Paul Taylor out of Gardnerville Nevada built this for me last year. 2,000 miles and lots of smiles later. One of the very best bikes that I have owned.


----------



## acckids (Jan 2, 2003)

I like custom bikes that don't look custom. This looks like a stock bike with the visually appealing proportions. He did a good job with your headtube (not too much above the top tube). Taylor did a great job on the look and it is even better that it rides great. After 2K, the newness wears off and you can give a truthful opinion.


----------



## DaveT (Feb 12, 2004)

It's wintertime so in anticipation of a great riding season this year I ordered up a new set of wheels from C-4 that incorporates their new V-22 22MM wide rims. I really like the feel of the HED Bastognes with their wide rims and when I found out the C-4 could build a set of their wheels in white that would duplicate the HEDs, I went for it and switched the Bastognes to the Serotta.


----------



## acckids (Jan 2, 2003)

You sealed the deal. I have been trying to pick a color for my bike. I was going from red to orange but kept going back to white. I was thinking why get white? I have all these great colors to choose from but think white is a great color with the black decals.


----------



## TheDescender (Feb 15, 2010)

Paul Taylor is a rip-off artist. Don't send him money. This is no joke


----------



## DaveT (Feb 12, 2004)

TheDescender said:


> Paul Taylor is a rip-off artist. Don't send him money. This is no joke


Sorry if you had a bad experience but I can only speak for myself. I was entirely satisfied with my dealings with Paul and most certainly would have him build me another bike.


----------



## TheDescender (Feb 15, 2010)

I can tell you that I am not alone is being ripped off by him. Perhaps he used to deliver, but I've been contacted by several other people who were also ripped off by him. He took the money and never delivered the frame, quit replying, etc.


----------



## dallas_mike (Jun 27, 2010)

TheDescender said:


> I can tell you that I am not alone is being ripped off by him. Perhaps he used to deliver, but I've been contacted by several other people who were also ripped off by him. He took the money and never delivered the frame, quit replying, etc.


Descender,

Add me to the list as well. I don't have enough posts, so I couldn't send you a PM


----------



## Collin2424 (Nov 2, 2011)

dallas_mike said:


> Descender,
> 
> Add me to the list as well. I don't have enough posts, so I couldn't send you a PM




-Collin-


----------



## krhea (Dec 8, 2007)

Add myself along with 2 other friends as well as a local bike shop to the list of Paul Taylor "victims".


----------



## TheDescender (Feb 15, 2010)

Did you or the bike shop pursue any action against him? I'm going to sue him in civil court. I'm over it.


----------



## locominute (Aug 29, 2006)

I purchased a built Columbus frame and fork from him ( via credit card) a couple of years back--all he had to do was change the paint to something more my liking and with assorted little kangaroos all over. A couple of days work I imagine.
I was pretty psyched.
Nothing for 3 months -despite numerous emails/ phone calls and the occasional reply. He said that he was preoccupied with his wife's pregnancy. He credited me back my money and apologized for the non delivery.
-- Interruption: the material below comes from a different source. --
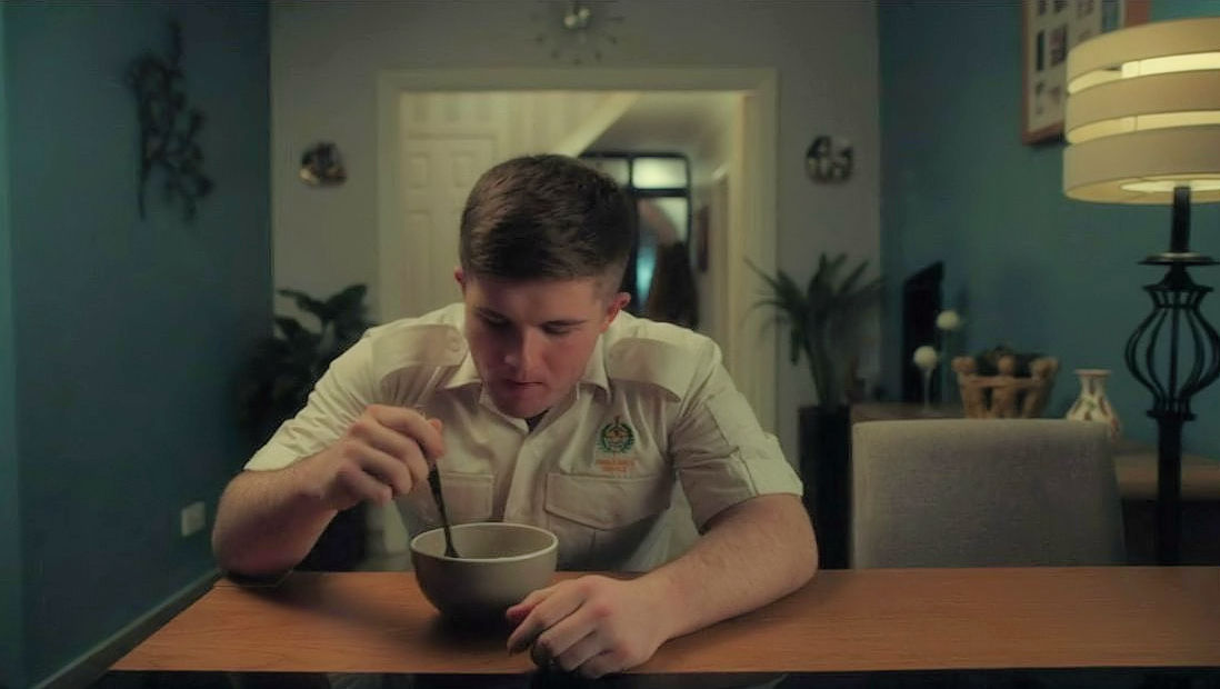 Jason Doyle (Karl Rice) eating what seems to be a bowl of noodles. He will shortly be kidnapped and held hostage to persuade his father to assist in the Kinsellas’ heist. He’s watcfhing a variety program on TV and we hear two names mentioned by the announcer: Victor Bayda, an Irish language officer in a Kerry Gaeltacht, and actor Demi Isaac Oviawe,

I hope he doesn't go the way of Pride Cycles. 









To


----------



## zmudshark (Jan 28, 2007)

Long thread over at Serotta: Serotta Competition Bicycle Forums - Taylor still Missing in Action,,,


----------



## dallas_mike (Jun 27, 2010)

He has updated his website with a Blog to make it look like everything is top shelf.

You have been warned!


----------



## Ride-Fly (Mar 27, 2002)

yep! When Paul Taylor had his special sale about a year ago, I inquired and he was quick to reply. I then got a PM from one of the guys who had a bad experience with him and that sealed it for me- no way was I going to go through another similar experience I had with Dean Bikes. But at least Dean delivered.

Paul Taylor and Curt Goodrich are cut from the same cloth. Oh yea, if anyone is considering ordering from Goodrich, you should do some research.


----------



## Bob in Ocean Beach (Jan 6, 2012)

*Paul Taylor Cycles*

Anyone dealing with Paul Taylor should contact me at rwhartman @ cox.net. You need to know about my experience with him.


----------



## PoppaWheelie (Aug 27, 2004)

Has anyone had any recent luck getting in touch, or Heaven forbid, a frame from Paul Taylor lately?


----------



## dallas_mike (Jun 27, 2010)

one day he is going to get his mellon busted open by a pissed customer. You can fool some of the people some of the time, but you can't fool all of the people all of the time...


----------



## Bob in Ocean Beach (Jan 6, 2012)

I have paid Taylor $2150 for a frame. He took my money, made repeated promises but I never got the bike. I tried to give him the benefit of the doubt and he took advantage of me. At this point I would never be able to ride the frame without lots of anger. No one should trust anything he says.


----------



## rjstern (Jun 27, 2012)

*Taylor Bikes*



Bob in Ocean Beach said:


> Anyone dealing with Paul Taylor should contact me at rwhartman @ cox.net. You need to know about my experience with him.


I took my screwing from Paul in 2010-2011 before I finally wised up. Lost my $700 deposit plus some fenders I had shipped direct to him in Montana, so I should consider myself lucky. I tried to track him down only to find him building some funky round-rear bikes for someone--but certainly not working on my ride. I figured he lost his wife, kid, and everything else, so I extended grace. I posted to his Facebook account that if he was out of business, he needed to take his website down. I think it was down for a while, but I see it is up again as before. He was out of communication so long that I figured he was doing time--and I didn't want a bike made out of prison bars. A guy like that makes it tough for the legit operators. 
Rick Stern/Sacramento


----------



## rjstern (Jun 27, 2012)

Me too...


----------



## ctam (Apr 21, 2003)

Add me to the list of customers he's ripped off. Sent him my deposit back in Feb 2010. He fed me lies for the first year, saying he was busy with this and that and always promising I would be next. Then he stopped replying. This is his current phone number 406 209 1249. I heard he does paint work for Carl Strong now.


----------